Wanted to respond to the comment in the previous post before mentioning a couple of other things.
Justin brought up Greece and gave the opinion on why Germany won't allow Greece to fail. He may be right. When push comes to shove at the end, Germany may acquiesce. There is the rub. The market is pricing either Germany or the IMF coming in as what sort of probability? 90%, 95%, 99%, 100%???? Probably close to 100%. I mean, we are up on a rocket ship for getting close to 2 months once the market decided Greece was fine. So if it comes to pass that Greece is fine, than who cares. No one cares about Greece anyway, so it won't matter. Already priced into the market. Personally at this point, I put a very bad outcome at a coin flip which means a good outcome is also only a coin flip. What happens if the good outcome happens? Nothing. The market expects it. What happens if a bad outcomes occurs? All hell likely to break loose. Not priced into the market at all.

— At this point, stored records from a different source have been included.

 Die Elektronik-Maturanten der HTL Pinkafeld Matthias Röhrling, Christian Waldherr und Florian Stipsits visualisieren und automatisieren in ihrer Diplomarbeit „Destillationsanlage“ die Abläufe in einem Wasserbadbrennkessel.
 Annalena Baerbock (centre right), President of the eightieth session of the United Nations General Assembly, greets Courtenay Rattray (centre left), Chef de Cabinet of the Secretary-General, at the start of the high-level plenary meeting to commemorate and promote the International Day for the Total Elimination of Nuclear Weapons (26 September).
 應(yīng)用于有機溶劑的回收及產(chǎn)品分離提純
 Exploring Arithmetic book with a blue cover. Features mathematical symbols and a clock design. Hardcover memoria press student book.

The point was made that the EU regulators and EU bankers are in the ear of Germany telling them they can't let Greece go. I am sure they are. France is very exposed to Greece. Not surprisingly France has been very vocal about some sort of bailout package. But Germany is driving the bus. Think about how many stupid stupid stupid things our government has done to get reelected. Germany's Prime Minister Angela Merkel loses the next election if Greece is bailed out. Maybe it is the right thing to do (I don't think it is even if it is the chain reaction that starts the next phase of the depression) and maybe she is the type of person (like a Paul Volcker) who doesn't care and will do it even if she knows it is going to lose an election. That would be one heck of a politician and I doubt it based on things I have read she is that type of person.
To put this into perspective, think of NAFTA having a shared currency. Now Mexico is in dire troubles and going to default. Would Obama bail out Mexico if he knew he was going to lose the election over it? I highly doubt it. Same situation here except the feelings Germans have against Greeks and Greeks against Germans are not very good. Bordering on downright spite.

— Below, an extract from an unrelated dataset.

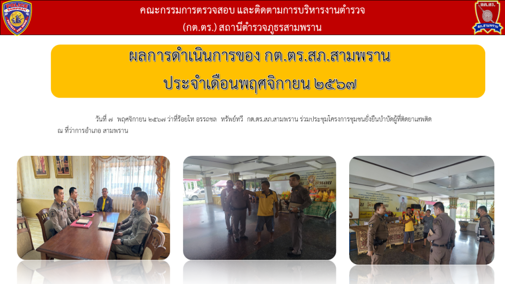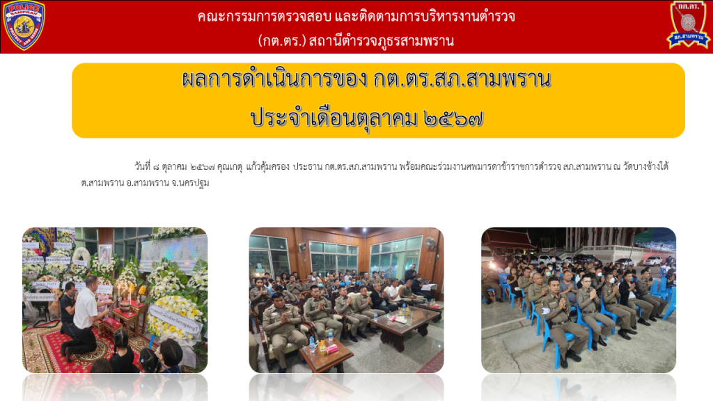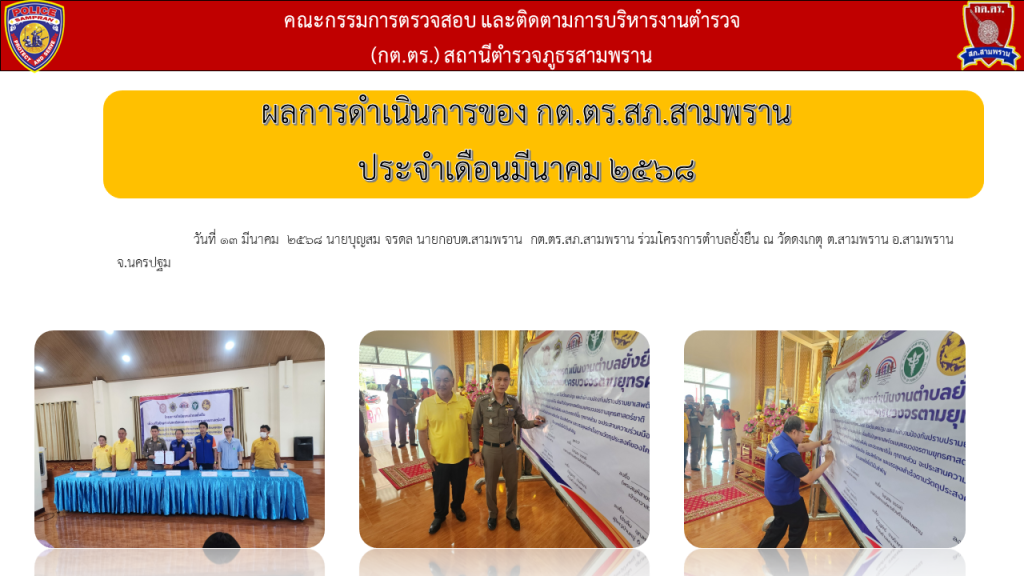 ผลการดำเนินงานของ กต.ตร.สภ.สามพราน ที่ผ่านมารอบ 6 เดือนแรก ปีงบประมาณ พ.ศ. 2568

So than that brings the IMF, but the bailout number the IMF can bring to the table to allow Greece not to default at some point in the future is not enough. At least not likely enough.
Finally, the austerity measure Greece has "imposed" is so far a joke. Greece newspapers today annouced that something like the department of health insurance has already used 50% of its budget for the entire year in 2 months.
Anyway, the market believes Greece is fine (through some bailout at the last second) and if they aren't fine that it doesn't matter. I give 50% that Greece is fine and 30% chance that it doesn't matter.
Regardless of Greece, I am starting to feel bearish again. I have been fairly good at sniffing out tops over the last six months. I have been horrible in thinking that they were the top. Well, I think we are within 2 to 4% of a top in the markets that will once again mark a possible final top. Everything is at extremes. Some things at extremes that I haven't seen in my lifetime. If your looking at valuations, stocks are very very expensive. If you look at dividend yield stocks have only had this low dividend yield (which means the stock have been bid way high) twice. Once in 2000 and once in the fall of 2007. Technically we are extremely extended with large amounts of technical resistance just over our head. From a psychological perspective, the boat is very lopsided. Sentiment indicators are back to extremes.
The question like all previous tops (if we are indeed close to one), is this the ultimate top. I have thought twice before it was. Maybe third time is the charm.